Anyone else seen issues like this with relatively recent Java 8? Or any ideas on next steps to debug the phantom lock holder?

-Todd

kedar mhaswade

unread,
Oct 11, 2017, 12:04:47 AM10/11/17
to mechanica...@googlegroups.com
I am not sure as I don't remember the held lock not being found elsewhere in the thread dump. This also is a rather atypical application. A few suggestions:

- Try kill -3 <pid> to get a thread dump, perhaps it will show something more conclusive (although, allegedly, both jstack and kill -3 dumps are expected to be same).
- Are there multiple JVM's embedded in the same process? I see that #1810850 is waiting to lock a Class object which suggests that there may be a class loading race.
- Can you try with a more recent build (e.g. JDK 1.8.0_144)? I see the following code in BlockCipher.java and the line numbers do not seem to match.

Inline image 1

Regards,
Kedar


--
You received this message because you are subscribed to the Google Groups "mechanical-sympathy" group.
To unsubscribe from this group and stop receiving emails from it, send an email to mechanical-sympathy+unsub...@googlegroups.com.
For more options, visit https://groups.google.com/d/optout.

Kirk Pepperdine

unread,
Oct 11, 2017, 3:29:43 AM10/11/17
to mechanica...@googlegroups.com
Not at all off topic… first, thread dumps lie like a rug… and here is why…

for each thread {
    safe point
    create stack trace for that thread
    release threads from safe point
}

And while rugs may attempt to cover the debris that you’ve swept under them, that debris leaves a clearly visible lump that suggests that you have a congestion problem on locks in both sun.security.provider.Sun and java.lang.Class…. What could possibly go wrong?


Kind regards,
Kirk

--
You received this message because you are subscribed to the Google Groups "mechanical-sympathy" group.
To unsubscribe from this group and stop receiving emails from it, send an email to mechanical-symp...@googlegroups.com.

Avi Kivity

unread,
Oct 11, 2017, 4:27:17 AM10/11/17
to mechanica...@googlegroups.com, Kirk Pepperdine

If this is not off topic, what is the topic of this group?


Is it a Java support group, or a "coding in a way that exploits the way the hardware works" group?

Todd Lipcon

unread,
Oct 11, 2017, 6:08:20 AM10/11/17
to mechanica...@googlegroups.com
On Wed, Oct 11, 2017 at 12:29 AM, Kirk Pepperdine <ki...@kodewerk.com> wrote:
Not at all off topic… first, thread dumps lie like a rug… and here is why…

for each thread {
    safe point
    create stack trace for that thread
    release threads from safe point
}

And while rugs may attempt to cover the debris that you’ve swept under them, that debris leaves a clearly visible lump that suggests that you have a congestion problem on locks in both sun.security.provider.Sun and java.lang.Class…. What could possibly go wrong?

Interesting.
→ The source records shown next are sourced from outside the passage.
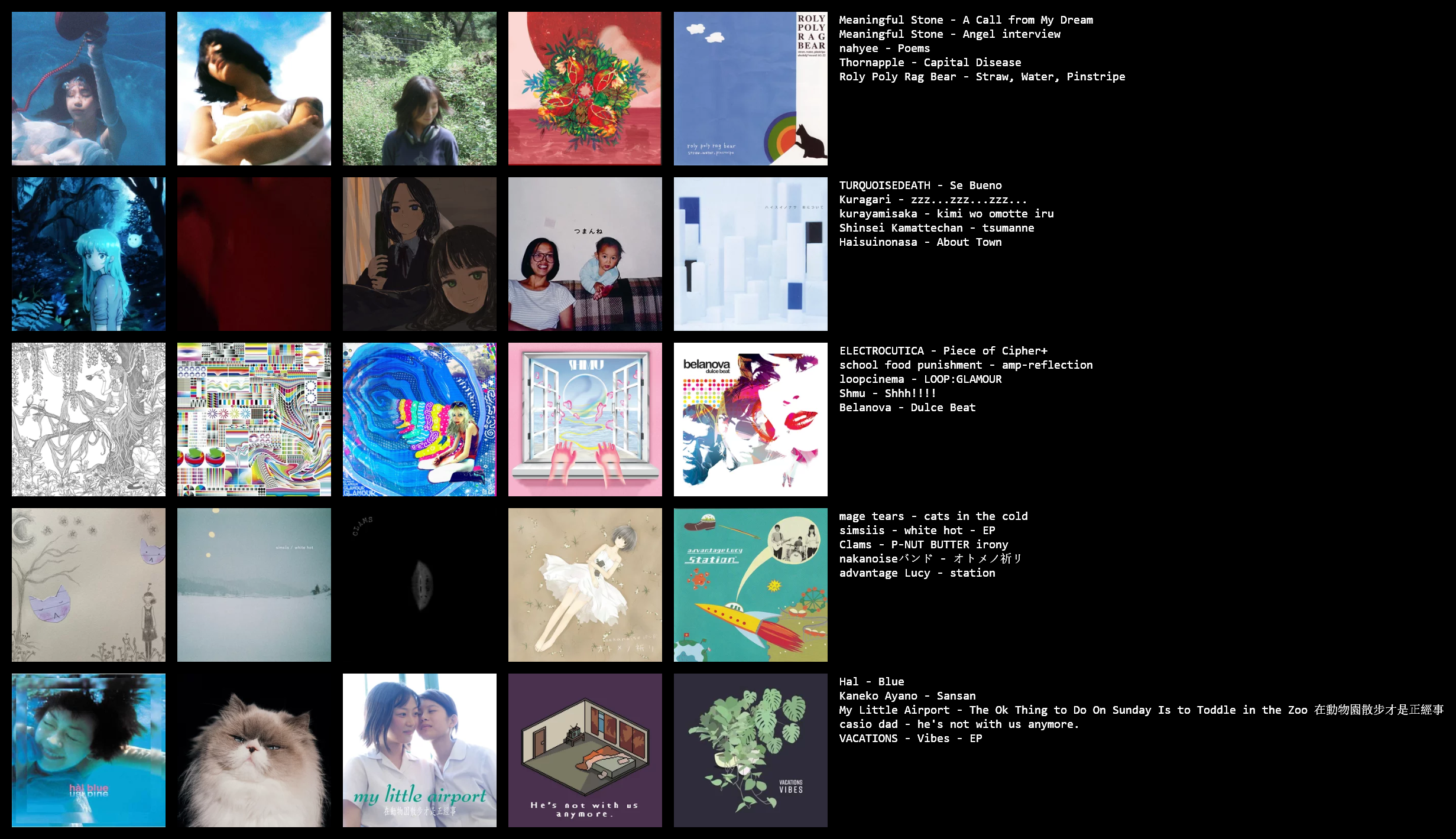 Anyways about your list, I recognise and already have listened to two albums from it; Dookie and Color and Shape. Bretty good ones. Will probably get into more Soutaisei I really like their sound. World Convergence 2116 is a great yet underrated album, first discovered them way back in 2017 or something its been my top 5 album since. I do have it in HiRes so if you want to have em you can ask me.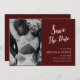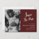 This elegant Photo Save the Date - features white handwritten and script and place for your photo on the burgundy background. The reverse side of the invitation is burgundy. You can add your own photo or leave this photo in a classic style. If you need help processing your photo, please write to me in a message.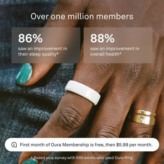 This colorful new take comes with the same cutting-edge technology of Oura Ring 4. Track over 50 health metrics and get personalized insights into your sleep, activity, readiness, stress, heart health, metabolic health, women's health and more. It is built around a breakthrough sensing technology, Smart Sensing, which adapts to your finger to deliver accurate, continuous data. With 5-8 days of battery life, you'll see a complete picture of your health. It's designed with recessed sensors on the interior, making it comfortable and gentle, even on sensitive skin. Oura Ring 4 Ceramic comes in sizes 4-15 and three stunning finishes to fit your style and your finger, effortlessly.

I remember investigating this back in the Java 6 days and at that time 'jstack -l' caused a global safepoint before iterating over the threads, and then only resumed upon completion (implemented by VM_ThreadDump in vm_operations.cpp). It appears that in JDK 7 this was switched over to the behavior that you describe.

Either way, I'm looking at about 10 stack traces taken over a period of 3 minutes and they have 100% identical "java-level deadlock" output. So I suppose it's possible that they are live-locked on the same sets of locks in the exact same threads but seems fairly unlikely.

As for the congestion problem, I did find this JDK bug the other day: https://bugs.openjdk.java.net/browse/JDK-8133070 which aims to reduce contention, but no mention of a deadlock. We'll probably ask the customer to bump to a newer JDK with this fix and see if it magically goes away.

-Todd

Kirk Pepperdine

unread,
Oct 11, 2017, 6:48:18 AM10/11/17
to mechanica...@googlegroups.com
My vote is for live lock.. but that would be conditional on seeing all the stack traces.

— Kirk

Henri Tremblay

unread,
Oct 11, 2017, 8:07:14 AM10/11/17
to mechanica...@googlegroups.com
I will go for live lock as well. But yes, stack dumps lie. I think jstack -F might be harsher and give a different result.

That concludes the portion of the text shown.